By this time, Baade had practically completed his preparations for receiving and transporting the troops and equipment from the front-line divisions. Within the large, oval-shaped area of his command—including the northeast tip of Sicily and an area directly across the Strait of Messina in Calabria—Baade exercised command not only over all German Army troops, but over the German antiaircraft installations and their personnel, even though the latter were administratively part of the German Second Air Fleet.
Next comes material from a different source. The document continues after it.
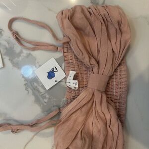 Stylish pink ruched top with bow detail. Perfect for a chic look.
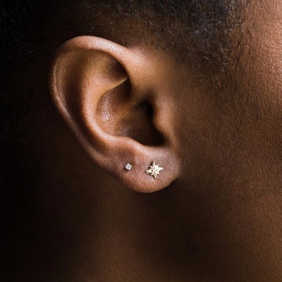- Per i giovani che preferiscono l'abbigliamento sportivo o lo stile casual pratico, i designer consigliano di prestare attenzione agli orecchini aggraziati della forma originale. Ad esempio, ecco un'interessante decorazione a forma di stella a cinque punte in argento annerito. Il prodotto è dotato di un perno che permette di fissare saldamente l'orecchino sul lobo dell'orecchio.

To counter Allied air and naval supremacy, Baade had under his control about five hundred guns, a majority of them dual-purpose weapons.20 In addition,
just before the evacuation started, the 15th Panzer Grenadier Division relinquished to Baade the two most powerful batteries on Sicily (170-mm. guns with an effective range of over ten miles) for commitment as part of the coastal defenses on both sides of Villa San Giovanni (just across the strait from Messina).21
Thus, what many Allied officers had regarded as one of the most heavily defended areas in Europe during 1942 and early 1943 had perhaps become the most heavily defended. One Allied officer was later to call the antiaircraft fire at Messina “the heaviest ever encountered in the Mediterranean—heavier than ‘flak alley’ between Bizerte and Tunis—greater than the inner artillery of London.”22 The single weakness in Baade’s antiaircraft defense system was the limited range of his guns. A large number would not be able to reach high-flying Allied bombers, aircraft like the B-17, the B-24, and the British Wellington. This was one reason why Baade had taken over the 15th Panzer Grenadier Division’s large weapons. If the Allied air forces attacked the strait using fighter, fighter-bomber, light and medium bomber aircraft, then the antiaircraft fire would be most effective. If the Allied air forces sent mainly high-flying heavy bombers, Baade’s defenses would prove woefully inadequate. In the latter case the German infantrymen on Sicily would have to depend on the German Second Air Fleet to cover the withdrawal. But this was a task that the German air force in Italy could not possibly hope to perform, for the air force was decimated by the previous fighting, frustrated by Italian officials who demanded conformity with impossible regulations, and left with less than three hundred operational aircraft of all types.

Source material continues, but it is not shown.